Зажиточные могли позволить себе какие-то сады, но в целом там, где, занимая этаж или отдельные комнаты, селился рядовой горожанин, зелени места почти не было. Эти каменные мешки представляют собой облюбованные гидами и туристами «исторические центры» современных городов, разросшихся в эпоху индустриализации и успехов экологии. Жить в них почти невозможно сегодня и было не слишком удобно тогда.

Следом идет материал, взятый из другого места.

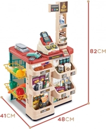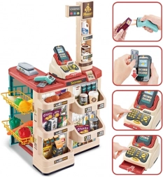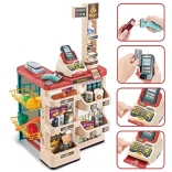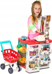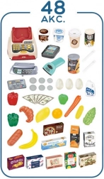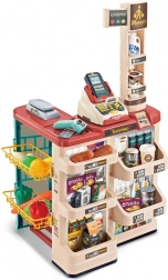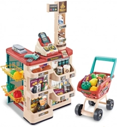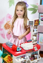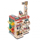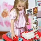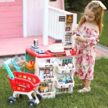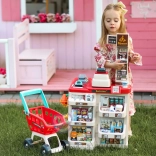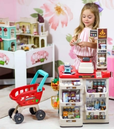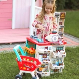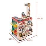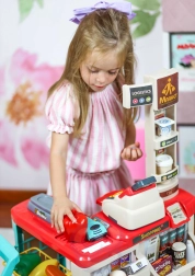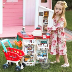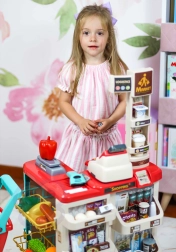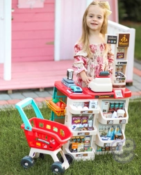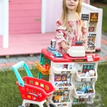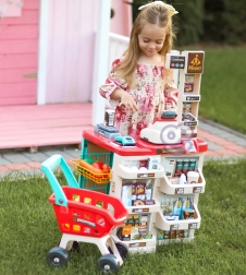 Premyslené usporiadanie s policami a cenovkami podporuje učenie o hodnote peňazí, počítanie a základnú finančnú gramotnosť. Realistické potraviny (ovocie, zelenina, nápoje, mliečne výrobky a i.) podnecujú predstavivosť a konverzáciu, zatiaľ čo odolné plastové vyhotovenie sa hodí do každej detskej izby.

Скученность горожан легко оборачивалась тем, что мы назовем антисанитарией, а та очаг любой болезни моментально превращала в эпидемию. Черная смерть середины XIV века свирепствовала прежде всего в городах. Их теснота – факт истории, социальная и урбанистическая реальность, веками формировавшаяся стихийно, по диким законам земельной спекуляции: в Милане XII века земля в черте города стоила в 36 раз дороже, чем за стенами. Такая спекуляция вполне сопоставима с ситуацией в античном Риме и в Европе XX века. Но посреди этой тесноты и спекуляции постепенно формировались улицы или кварталы, закреплявшиеся за какой-нибудь большой семьей, профессией или целой нацией. Города стали выделять такие островки как своим, так и пришельцам: в Реймсе их называли карелями, в Лангедоке – мулонами, в Провансе – гашами. Эти анклавы, обрастая собственными храмами и собственными тавернами, обеспечивали межгородские и даже межнациональные связи, помогали людям приспосабливаться к новым условиям, оставаясь самими собой и сохраняя прежние привычки. И подобные функции в мегаполисах отчасти сохранились по сей день, иногда в намного более крупных масштабах.